The Verkhovna Rada approved a law that directs the personal income tax (PIT) from the salaries of the military to the state budget instead of local budgets for further allocation to military needs. This was announced by Yaroslav Zhelezniak, Member of Parliament from the Holos faction, in his Telegram channel, Ukrainian News Agency reports.
"Parliament approved bill 10037 (as a whole) on the military personal income tax and road excise in the repeated second reading. There were 253 votes in favor," he wrote.
According to the MP, the price of the issue in this year and next year for the general budget from bill 10037 is UAH 214.7 billion for military expenses.
From October 1 to December 31, 2023, the "military personal income tax" is directed to the state budget in the proportion of 50% to 50%: the State Service for Special Communications and Information Protection for drones (UAH 13 billion) and the Ministry of Defense for the purchase of artillery systems (UAH 13 billion).
From January 1 to December 31 of the year in which martial law was suspended or abolished, "military personal income tax" is distributed in the following proportions:
45% - the State Service for Special Communications and Information Protection for drones (forecast of UAH 43+ billion);
45% - Ministry of Strategic Industry for deployment of ammunition and weapons production (UAH 43+ billion);
10% - to managers of the security and defense sector for automatic distribution among military units in proportion to the paid personal income tax (about UAH 10 billion).
The law also provides that the revenues of the Road Fund (excise tax except for the local part of 13.44%) in 2024 are directed to the general fund of the state budget (currently included in the special fund) and are directed to defense needs. 13.44% of the excise tax on produced and imported fuel will remain in local budgets.
The head of the budget committee of the Verkhovna Rada, Roksolana Pidlasa, reported on Facebook regarding the adoption of this law that the "ordinary personal income tax" remains in communities in the amount of 64% (at the same time, at least 4% of the tax must be directed to calculations for the production of thermal energy, and also for the support of enterprises for production, supply of thermal energy, as well as centralized supply of cold water and drainage).

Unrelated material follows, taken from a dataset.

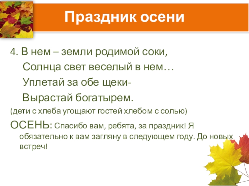 ОСЕНЬ: Спасибо вам, ребята, за праздник! Я обязательно к вам загляну в следующем году. До новых встреч!
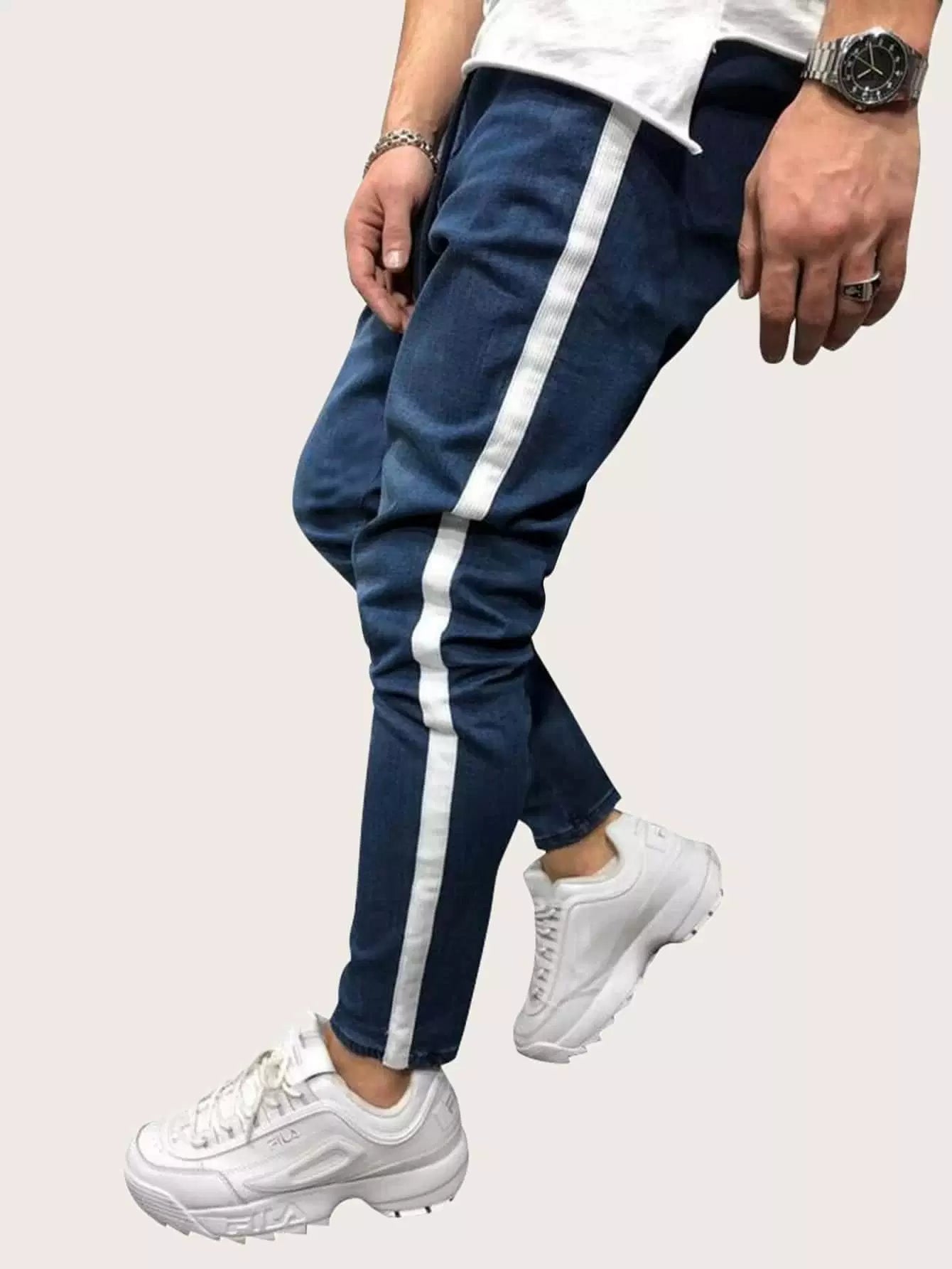 الرجال - بنطال جينز للرجال برباط جانبي وشريط جانبي متباين

Prime Minister Denys Shmyhal also reported on the Telegram channel that the Verkhovna Rada supported the government's initiative to direct the military personal income tax to the purchase of drones, as well as to the development of its own production of weapons and equipment.
According to Shmyhal, this will allow additional UAH 96 billion to be allocated to these needs in 2024, 45% of this amount will go to unmanned aerial vehicles and naval drones, another 45% to the development of the Ukrainian defense and industrial complex, 10% will be automatically distributed among the military units in accordance with the paid personal income tax.
Shmyhal assured that the government will continue to help the regions. According to him, local budgets in 2024 will receive more from personal income tax than they received in 2021, an additional UAH 62 billion will be directed to the regions compared to 2021, this will allow communities to cover all necessary and priority needs.
As Ukrainian News Agency earlier reported, the Cabinet of Ministers proposed to the Verkhovna Rada to direct the personal income tax of the military to the state budget for the purchase of drones and ammunition instead of local ones from October 2023 to 2025.
Oksana Prodan, the adviser to the head of the Association of Cities of Ukraine, said that in the event of the adoption of bill 10037 on the withdrawal of the "military personal income tax" from local budgets, communities will be deprived of the resources to fulfill the tasks assigned to them by the legislation.